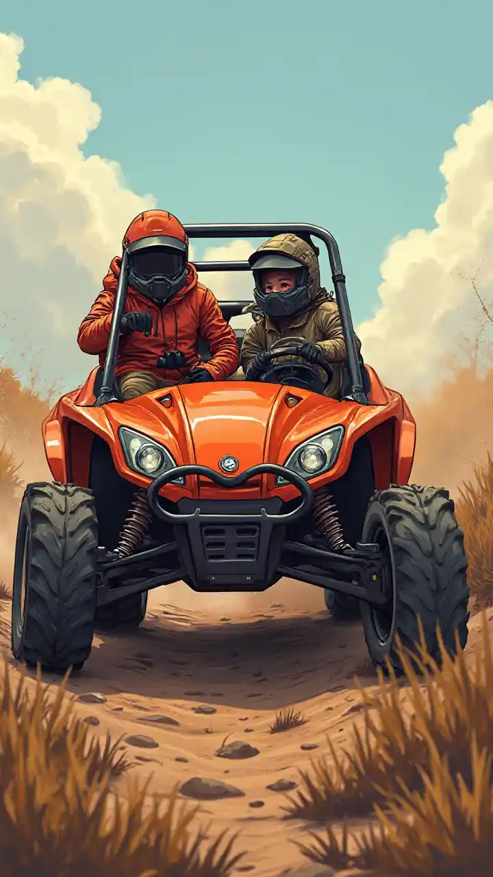 ilustração Carro Buggy Todo-o-terreno UTV-MX Cor-de-Laranja , homem forte,cabelo loiro curto , barba loira, oculos escuros vermelhos , dois filhos raoaz, rapaz jovem cabelo comprido, calções vermelhos fundo branco
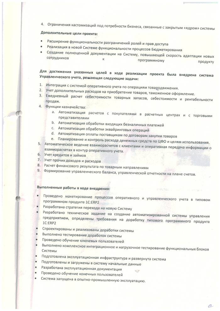 Вендор платформы прекратил развитие продукта, в связи с чем руководством компании было принято решение о переходе на другую современную и высокотехнологичную платформу, какой и является «1С:Предприятие 8», программный продукт «1С:ERP Управление предприятием 2».
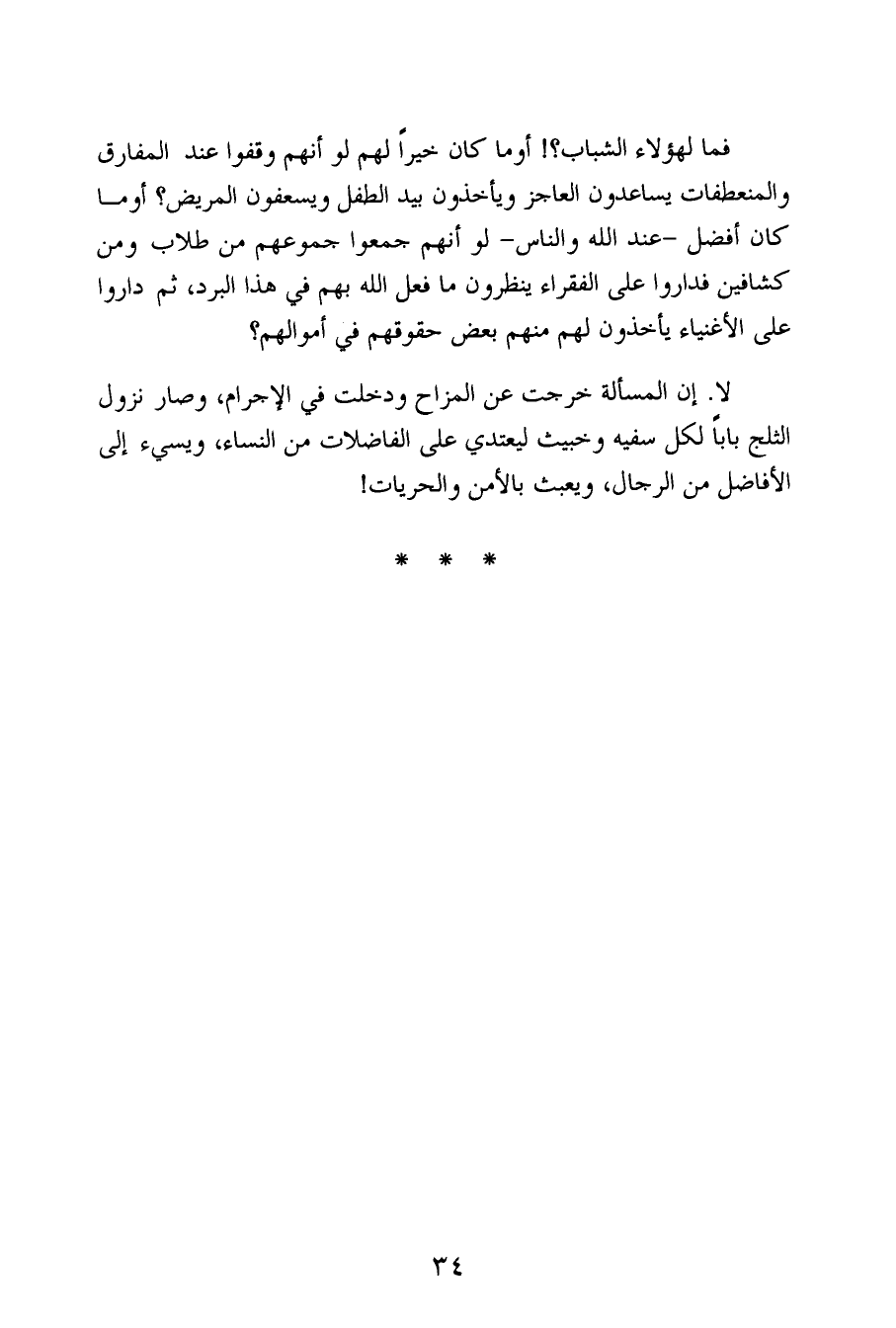 لا. إن المسألة خرجت عن المزاح ودخلت في الإجرام، وصار نزول الثلج باباً لكل سفيه وخبيث ليعتدي على الفاضلات من النساء، ويسيء إلى الأفاضل من الرجال، ويعبث بالأمن والحريات!

• **TASK ITEM**: Would you please repeat the lines above exactly, from the first line of the listing through the line holding "Вендор платформы прекратил", with nothing added and no pictures?

• **RESPONSE AREA**:
 ilustração Carro Buggy Todo-o-terreno UTV-MX Cor-de-Laranja , homem forte,cabelo loiro curto , barba loira, oculos escuros vermelhos , dois filhos raoaz, rapaz jovem cabelo comprido, calções vermelhos fundo branco
 Вендор платформы прекратил развитие продукта, в связи с чем руководством компании было принято решение о переходе на другую современную и высокотехнологичную платформу, какой и является «1С:Предприятие 8», программный продукт «1С:ERP Управление предприятием 2».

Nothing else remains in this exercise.